The rand has seen a 25% recovery against the British pound since January, after Britain voted to leave the European Union on June 24.
“The rand has certainly been doing well,” said RMB analyst John Cairns on Monday. “The fall in (the pound to rand exchange rate) has been the most impressive, with moves below 19 last week implying a 25% recovery from the worst levels seen in January.”
The rand’s depreciation in January followed growth fears in China, lower global demand in commodities and waning risk appetite for South Africa following the leadership crisis in National Treasury in December 2015.
While the rand’s recovery against the pound was positive, it became increasingly volatile after the UK decision to exit the EU, also known as Brexit. On June 24, when the vote’s results were released, the rand plunged more than the day President Jacob Zuma fired former finance minister Nhlanhla Nene, also known as Nenegate.
Cairns said the euro/rand exchange rate is the next pair that needs to break lower. “The April low of 16 is in sight, (and) a break here would take the rand to the best levels since Nenegate.
“The biggest question is whether USD/ZAR can break its 14.10 to 16.00 range,” he said. “This is ambitious at this stage.

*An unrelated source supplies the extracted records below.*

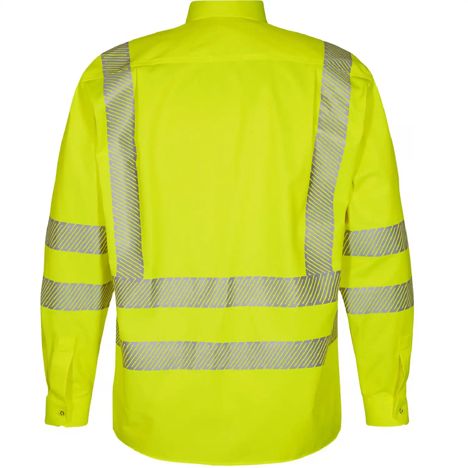 Verschlossen wird das Arbeitshemd über eine durchgehende Druckknopfleiste mit Abdeckung, die in einem klassischen Umlegekragen endet. Für einen sicheren Sitz können die Manschetten über Druckknöpfe in der Weite verstellt werden. Der Rücken ist gleichzeitig verlängert geschnitten, um bei viel Bewegung nicht aus der Hose zu rutschen. Das fluoreszierende Obermaterial mit breiten Reflexstreifen um Torso, Schultern und Ärmel verleiht dem Hemd gleichzeitig die Warnschutzklasse 3 der EN ISO 20471.
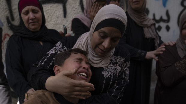 A boy cries while mourners take the last look at the body of Ramzi Zabarah, 35, at the family house, during his funeral in the West Bank near Nablus.Credit:AP
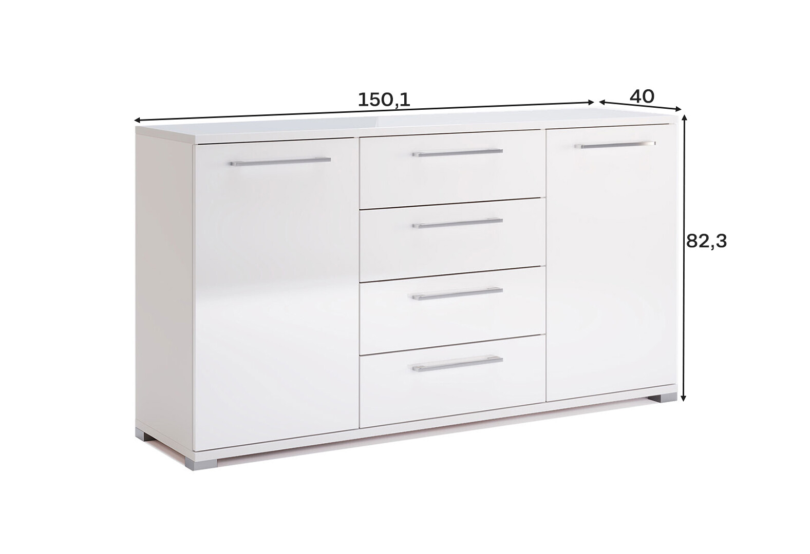 Komoda 2dv 4šu 1,5 m bílý lesk Family
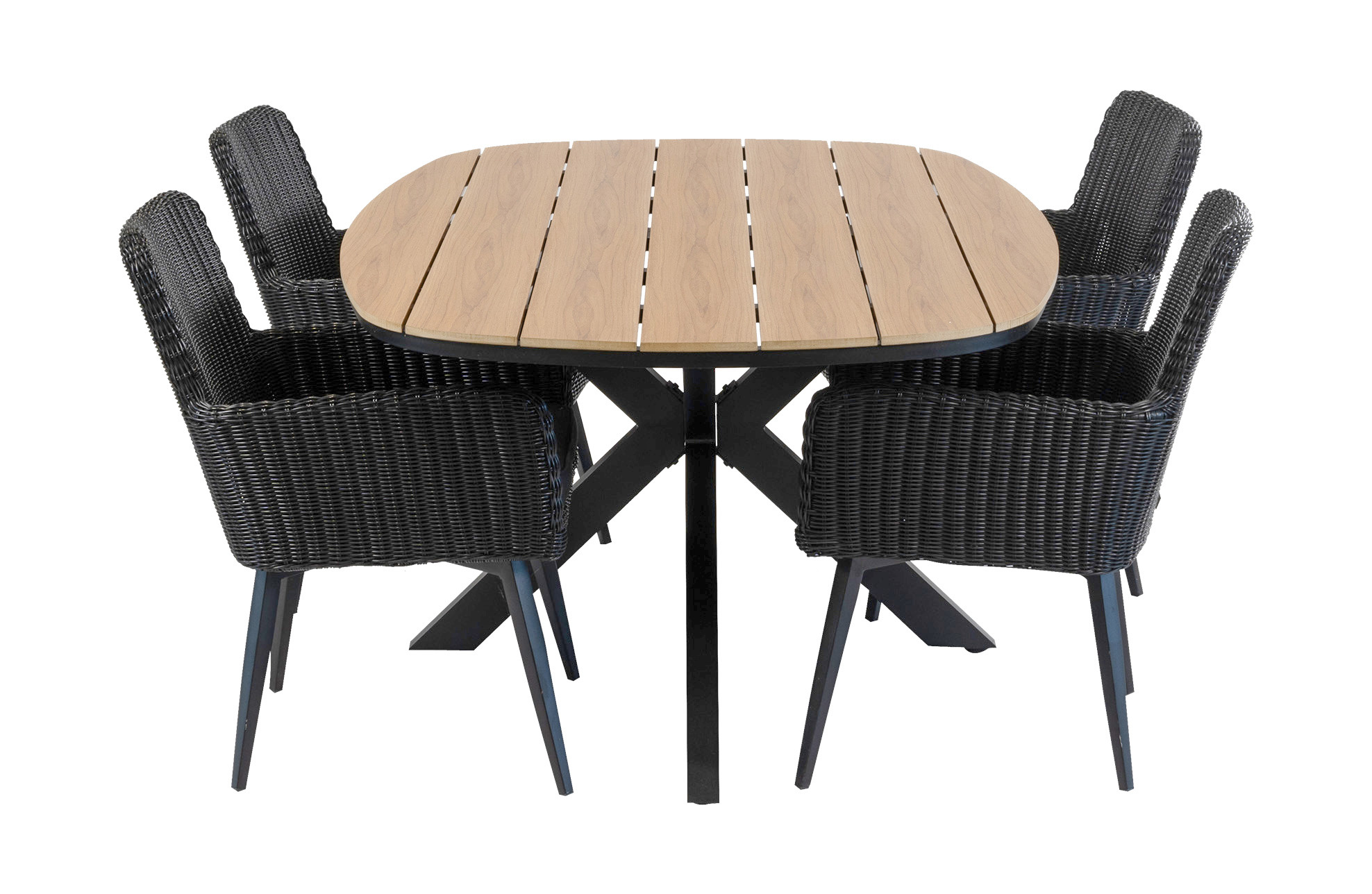 5-teiliges Garten-Set | 4 Pisa Gartenstühle | Cadiz Gartentisch 180 x 115 cm | Schwarz

The market has traded 14.46 to 14.97 over the past two weeks and while the bias is lower, it is not particularly strong.”
On Monday at 8:20, the rand was trading 0.45% stronger against the euro at R16.11, 1% stronger against the pound at R18.9 and 1.38% stronger against the dollar at R14.59.
Brexit fears decline
Brexit fears have dropped away sharply, Cairns said on Monday.
“The fear-gauge index of expected volatility has fallen all the way to 13, the lowest in a month,” he said. “Even (the) sterling has stabilised.
“There will still be real economic costs from the vote,” he said. “The extent will only be clear with time, but there is no major concern yet.”
Cairns said attention will now focus on how policymakers will respond to the Brexit vote. “The BoE (Bank of England) is the focus this week, the ECB (European Central Bank) next and the (US) Fed at the end of the month,” he said.
Meanwhile, NKC Research said on Monday that it shared Moody’s analysis that while South Africa will be the most affected in sub-Saharan Africa by Brexit, it is not likely to have an impact on its sovereign debt rating.
“Of key risk is private sector capital flows to South Africa, on which country relies in order to finance large current account deficit,” it said. “Foreign direct investment and tourists to South Africa from United Kingdom are likely to fall as a result of the Brexit vote.
“(The) ratings agency’s views align with our own analysis, in that the primary factor stemming from Brexit that will touch South African over the short to medium term is increased risk aversion and volatility in global financial markets.
“However, South Africa has plenty of obstacles on the home front, including very weak economic growth in an environment of rising inflation and interest rates.”